We can see the time results of both versions in Figure 1. The presented results have a 95% confidence interval. The horizontal axis represents the different instances (classes) of the EP benchmark. The left vertical axis presents the time in seconds and the right vertical axis, the speedup. As we can see, even with OpenMP using both cores of the CPU, the CUDA version is much faster. The greater the size of the instance, the greater is the speedup. This happens because we have more computation on the GPU but the same amount of memory. With this, the overhead of memory transfer is absorbed by the computation time. This can be seen in Figure 2.Figure 2. Million operations per second comparison between the CUDA and OpenMP versions of EP benchmark.

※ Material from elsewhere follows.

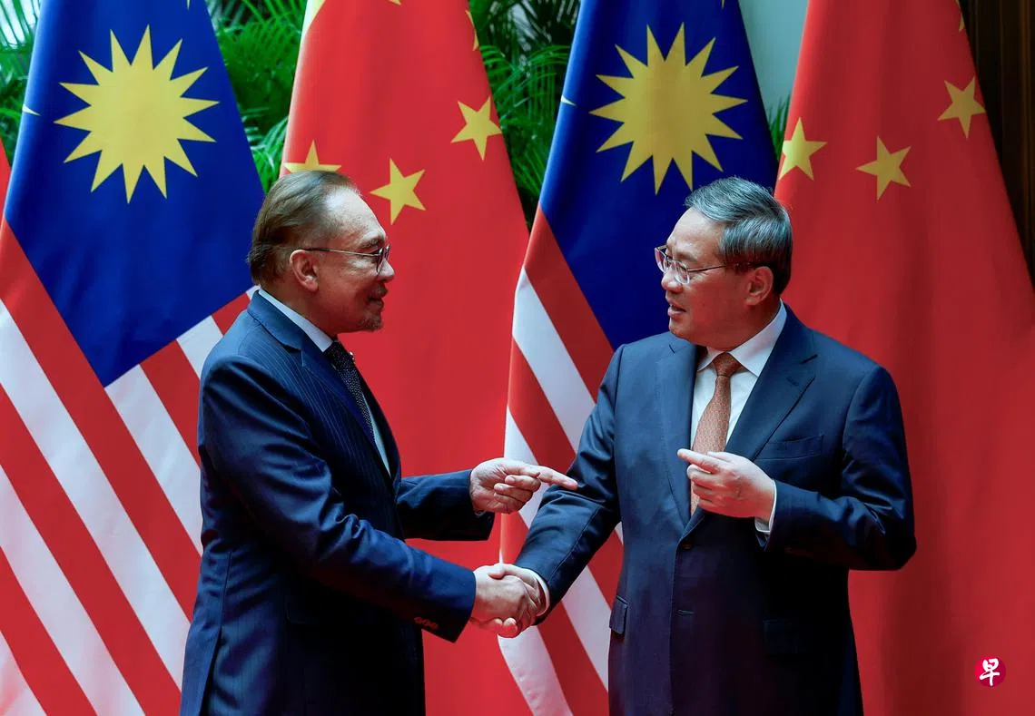 马来西亚首相安华星期二(11月5日)在上海与中国总理李强举行会谈时表示,期待马来西亚担任亚细安主席国时,双方共同努力,加强“亚细安+中国”机制。李强则形容,当前中马关系进入新的历史发展阶段,正朝共建命运共同体目标前行。

Figure 2 presents the random numbers' generation throughput of both versions. The left vertical axis presents this in million operations per second. As we can see, the throughput of the OpenMP version is almost constant. This happens because it is already using all possible hardware in the host. The throughput of the CUDA version increases due to the absorption of the memory transfer overheads by the increase in computation time.

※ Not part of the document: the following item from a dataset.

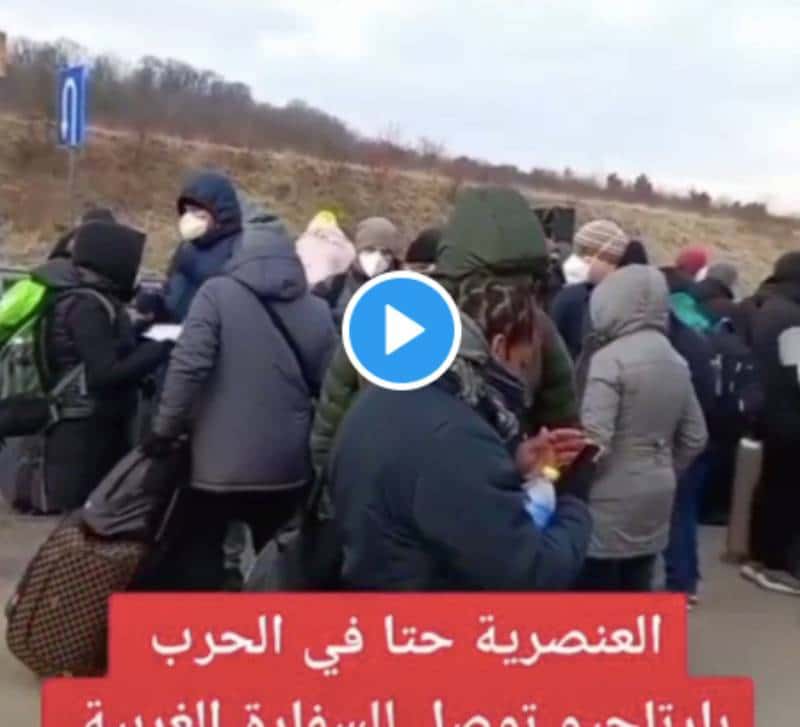 Pendant que les réfugiés ukrainiens sont autorisés à traverser les frontières, les arabes et les africains se voient interdire l’accès par les gardes frontières, les laissant exposer aux frappes depuis plusieurs jours.

The EP benchmark showed us that it is possible to increase the performance of a parallel benchmark with CUDA even when having strong dependencies on double precision floating point instructions. The nature of the benchmark helped this because the computations are mostly independent of each other, the memory constraints could be circumvented by the reutilization of the allocated arrays, and there was enough computation to be done in the device.